Data: 2004-10-24 16:37:58
Temat: Re: Neuralgia n. trójdzielnego
Od: <k...@a...waw.pl>
Pokaż wszystkie nagłówki
Użytkownik "Marek Bieniek" <a...@s...re.invalid> napisał w wiadomości
news:bvjnkbxlajs5.dlg@always.coca.cola...
> On Sun, 24 Oct 2004 13:17:27 +0200, k...@a...waw.pl wrote:
>
> > Mam problem polegający na nawracających bólach
> > nerwu trójdzielnego (...).
> Leki przeciwbólowe raczej nie działają w bólach neuralgicznych i nie ma
> sensu ich w nich stosować, zwłaszcza opiatów (takich jak dolargan na
> przykład), bo z reguły jedyne co można za ich pomocą uzyskać, to
> uzależnienie.
Jeszcze raz w tym temacie.
Dziękuję za odpowiedź.
Próbowano mnie leczyć doksepiną i amitryptyliną w dawkach do 150 mg.

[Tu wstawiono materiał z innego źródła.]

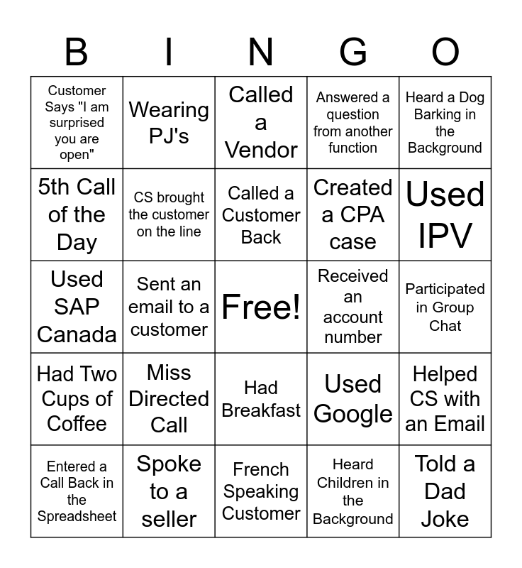 This bingo card has a free space and 25 words: Miss Directed Call, French Speaking Customer, Called a Customer Back, Entered a Call Back in the Spreadsheet, Heard a Dog Barking in the Background, Customer Says "I am surprised you are open", 5th Call of the Day, Wearing PJ's, Received an account number, Had Breakfast, Created a CPA case, Used SAP Canada, Used Google, Helped CS with an Email, CS brought the customer on the line, Had a Snack, Participated in Group Chat, Called a Vendor, Used IPV, Sent an email to a customer, Told a Dad Joke, Spoke to a seller, Had Two Cups of Coffee, Answered a question from another function and Heard Children in the Background.

Nie dawało to rezultatu pozytywnego. Zwłaszcza w stanach ostrych cierpienia.
To samo tyczyło się tramadolu i leków z grupy NLPZ.
Do tej pory gabapeptyna usuwała ból całkowicie. Teraz bóle "szczątkowe"
nie ustępują i zdaje się tylko czekają na "okazję do triumfu".
Bardzo się tego triumfu obawiam.
Czy w W-wie 9i okolicach) jest jedyną placówką jest ta przy szpitalu
CSK AM na Banacha 1?
i (o ile są po temu warunki) specjalistą od leczenia bólu
> przewlekłego) dalsze leczenie chirurgiczne.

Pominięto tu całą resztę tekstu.